The four guys can’t believe their good luck. They pay the 40 cents, finish their martinis, and order another round.
Once again the martinis are perfect and cost only 40 cents for the whole table! They’ve each had two martinis and haven’t even spent a dollar yet.
Finally one of them says, “How can you afford to serve martinis as good as these for a dime apiece?”
“I’m a retired tailor from Phoenix ,” the bartender says, “and I always wanted to own a bar. Last year I hit the Lottery Jackpot for $125 million and decided to open this place. Every drink costs a dime. Wine, liquor, beer it’s all the same.”
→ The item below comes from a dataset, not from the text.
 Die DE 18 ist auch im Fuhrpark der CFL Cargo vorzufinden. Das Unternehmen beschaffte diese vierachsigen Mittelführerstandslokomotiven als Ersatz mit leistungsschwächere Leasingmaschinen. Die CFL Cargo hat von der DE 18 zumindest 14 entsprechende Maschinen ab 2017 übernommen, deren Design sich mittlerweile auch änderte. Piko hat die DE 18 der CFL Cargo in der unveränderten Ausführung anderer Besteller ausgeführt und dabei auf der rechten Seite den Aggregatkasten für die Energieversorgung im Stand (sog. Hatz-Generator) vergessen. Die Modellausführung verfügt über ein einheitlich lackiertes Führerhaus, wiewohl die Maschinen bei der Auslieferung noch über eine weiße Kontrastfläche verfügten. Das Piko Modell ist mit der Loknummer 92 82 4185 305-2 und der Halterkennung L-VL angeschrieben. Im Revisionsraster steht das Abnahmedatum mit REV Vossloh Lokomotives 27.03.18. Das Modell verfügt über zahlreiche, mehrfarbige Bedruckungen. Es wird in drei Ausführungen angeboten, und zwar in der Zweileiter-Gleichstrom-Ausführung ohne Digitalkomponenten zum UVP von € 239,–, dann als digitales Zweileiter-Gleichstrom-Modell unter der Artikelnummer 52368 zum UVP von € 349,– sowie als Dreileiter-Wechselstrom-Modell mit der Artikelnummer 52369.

As the four of them sip at their martinis, they can’t help noticing seven other people at the end of the bar with no drinks in front of them. They haven’t ordered anything the whole time they’ve been there.
“What’s with those folks down there?”
The bartender says, “They retired here from Florida . Just waiting for Happy Hour when drinks are half-price, and their pockets are full of coupons…”
Yesterday my phone rings so I answer it. It’s my boss. “Jay, is everything okay at the office?”
I told him “yup, all under control. It’s been a very busy day, I haven’t stopped since I got in to do the joke.”
“Great” he says, “can you do me a favor? Speed it up a little, I’m in the foursome behind you.”
Thanks Lori, Leo, and Bill!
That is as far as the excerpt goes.